## DESCRIPTION OF THE TASK
The answer should be the exact lines from the line containing "С безшумна ултразвукова" through the last line of the material below, with no pictures.

--- START ---

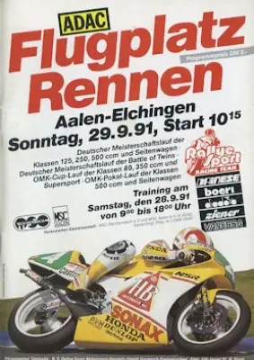Programm Flugplatzrennen Aalen-Elchingen 28./29.9.1991
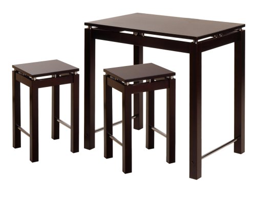 -. Feature : Kitchen Island table with added style. / Put this kitchen island table with 2 stools and create a great dining area / Made of solid/composite wood in Dark Espresso Finish / Assembly Required
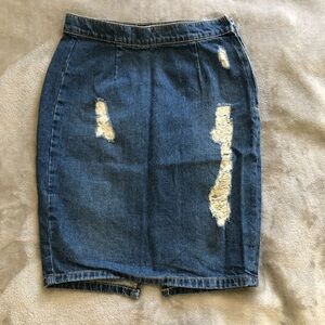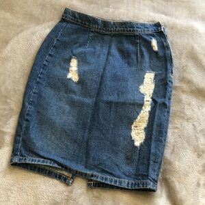 Refuge distressed high waist denim skirt size small never worn / has invisible side zipper / non stretchy
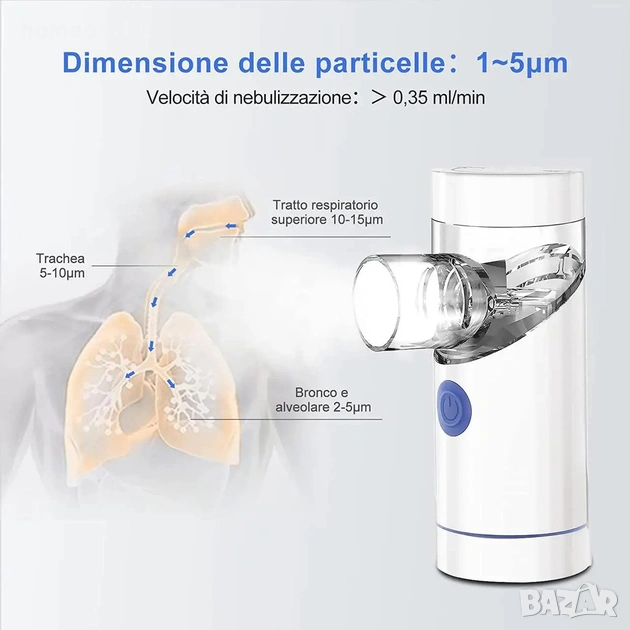 С безшумна ултразвукова аерозолна технология, чрез фини атомизирани частици (<5 микрона), инхалаторът предлага висока ефективност.
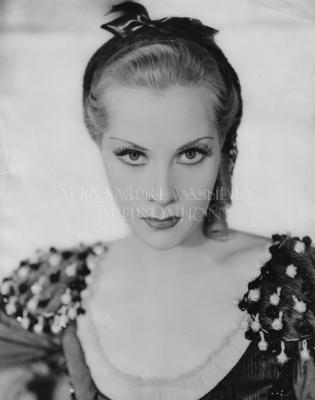 Publicity portrait of Natalie PALEY in costume for the film "The Private Life of Don Juan" (1934). The composition presents a close frontal view of the figure, with the gaze directed intensely toward the viewer, creating a direct and highly controlled studio image. Natalia's hair is arranged in a sleek coiffure drawn back from the forehead, with a decorative ribbon headband tied at the crown, forming a bow and extending into a long trailing element. The facial features are accentuated by pronounced eye makeup, including elongated lashes and defined brows, while the lips are rendered in a darker tone, contributing to the dramatic effect of the portrait.

--- END ---

## RESULT OF THIS EXERCISE
 С безшумна ултразвукова аерозолна технология, чрез фини атомизирани частици (<5 микрона), инхалаторът предлага висока ефективност.
 Publicity portrait of Natalie PALEY in costume for the film "The Private Life of Don Juan" (1934). The composition presents a close frontal view of the figure, with the gaze directed intensely toward the viewer, creating a direct and highly controlled studio image. Natalia's hair is arranged in a sleek coiffure drawn back from the forehead, with a decorative ribbon headband tied at the crown, forming a bow and extending into a long trailing element. The facial features are accentuated by pronounced eye makeup, including elongated lashes and defined brows, while the lips are rendered in a darker tone, contributing to the dramatic effect of the portrait.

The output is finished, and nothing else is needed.